Directions for this task
Please reproduce the lines of the records below from the one holding "大切な瞬間を美しく縁取るフォ" through the one holding "集まったたくさんの「自宅で暮", inclusive, skipping all pictures.

(Extracted records)
[Start of section]

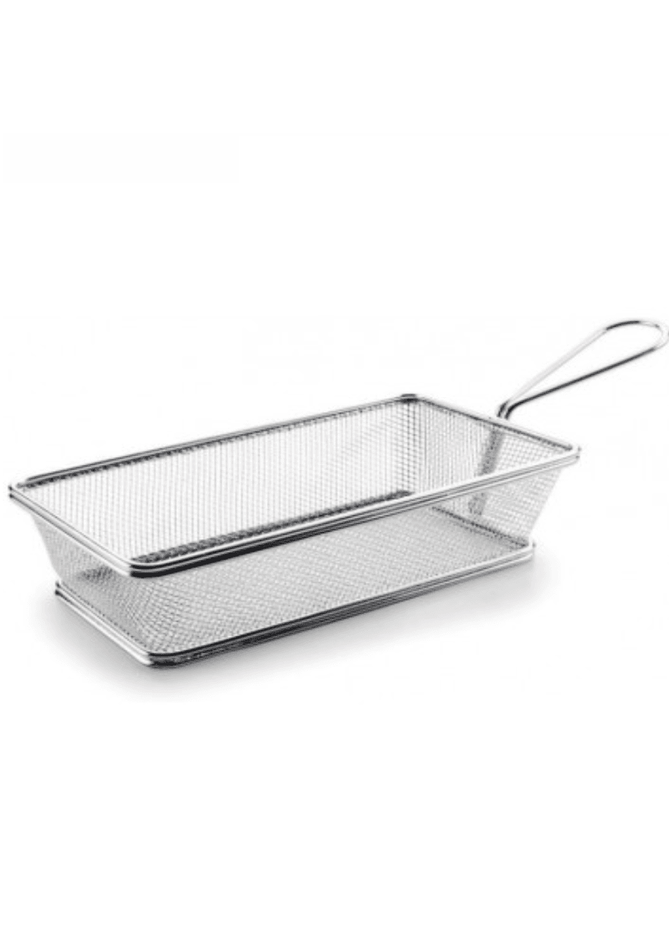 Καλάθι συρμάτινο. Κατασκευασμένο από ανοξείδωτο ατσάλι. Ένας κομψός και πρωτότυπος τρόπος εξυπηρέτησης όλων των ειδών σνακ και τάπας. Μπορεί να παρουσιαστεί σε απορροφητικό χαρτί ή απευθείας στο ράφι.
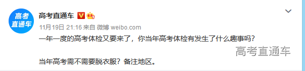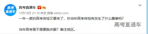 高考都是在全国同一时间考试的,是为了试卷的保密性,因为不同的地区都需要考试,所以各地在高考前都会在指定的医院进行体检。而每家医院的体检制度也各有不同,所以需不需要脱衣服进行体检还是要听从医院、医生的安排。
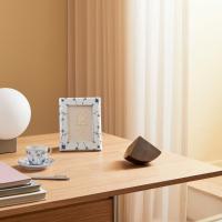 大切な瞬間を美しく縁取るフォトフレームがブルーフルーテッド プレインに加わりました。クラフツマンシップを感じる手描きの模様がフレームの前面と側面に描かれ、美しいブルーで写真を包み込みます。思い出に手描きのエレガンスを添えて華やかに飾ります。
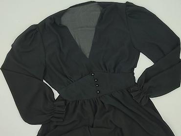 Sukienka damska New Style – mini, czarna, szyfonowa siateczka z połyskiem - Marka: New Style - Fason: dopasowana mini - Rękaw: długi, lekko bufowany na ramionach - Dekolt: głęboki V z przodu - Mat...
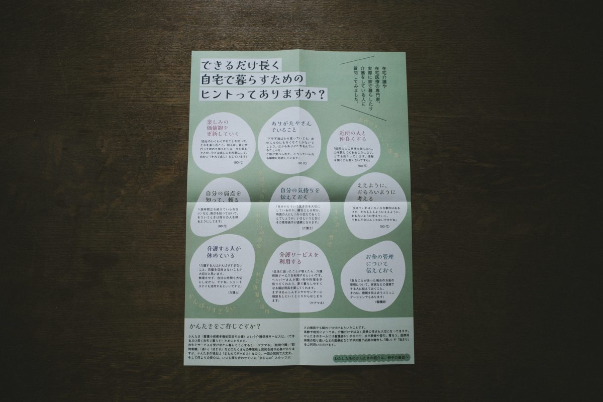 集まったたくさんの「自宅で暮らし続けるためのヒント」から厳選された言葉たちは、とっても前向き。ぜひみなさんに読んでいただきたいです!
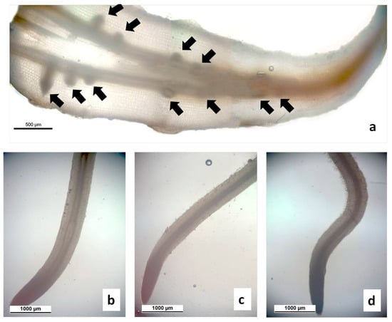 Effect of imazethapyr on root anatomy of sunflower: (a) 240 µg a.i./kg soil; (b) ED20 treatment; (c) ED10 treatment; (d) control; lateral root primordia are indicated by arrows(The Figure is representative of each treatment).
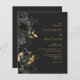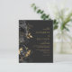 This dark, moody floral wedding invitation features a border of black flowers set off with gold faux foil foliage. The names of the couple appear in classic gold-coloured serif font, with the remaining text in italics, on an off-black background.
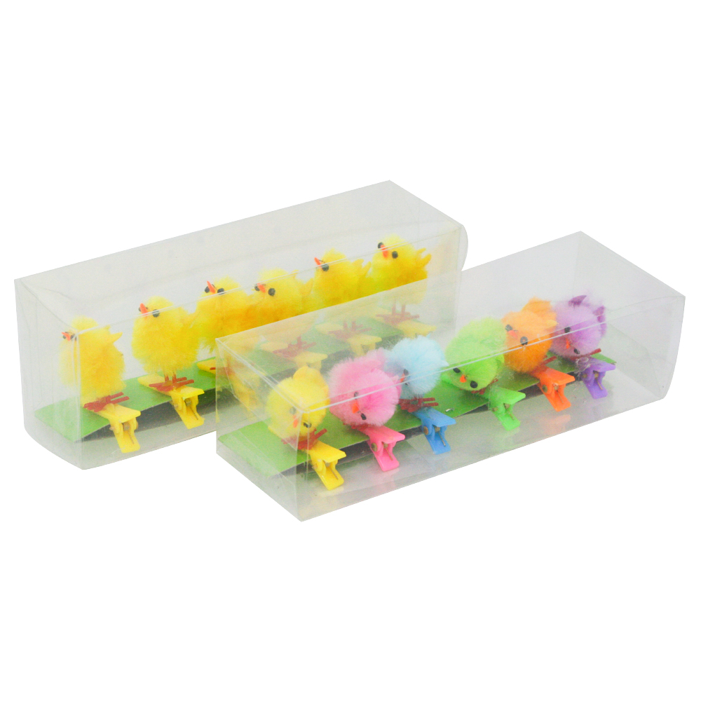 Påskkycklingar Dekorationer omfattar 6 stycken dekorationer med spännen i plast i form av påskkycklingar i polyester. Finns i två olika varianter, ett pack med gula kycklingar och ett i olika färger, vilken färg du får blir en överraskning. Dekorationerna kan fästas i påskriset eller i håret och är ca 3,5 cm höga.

[End of section]

Output of the task
 大切な瞬間を美しく縁取るフォトフレームがブルーフルーテッド プレインに加わりました。クラフツマンシップを感じる手描きの模様がフレームの前面と側面に描かれ、美しいブルーで写真を包み込みます。思い出に手描きのエレガンスを添えて華やかに飾ります。
 Sukienka damska New Style – mini, czarna, szyfonowa siateczka z połyskiem - Marka: New Style - Fason: dopasowana mini - Rękaw: długi, lekko bufowany na ramionach - Dekolt: głęboki V z przodu - Mat...
 集まったたくさんの「自宅で暮らし続けるためのヒント」から厳選された言葉たちは、とっても前向き。ぜひみなさんに読んでいただきたいです!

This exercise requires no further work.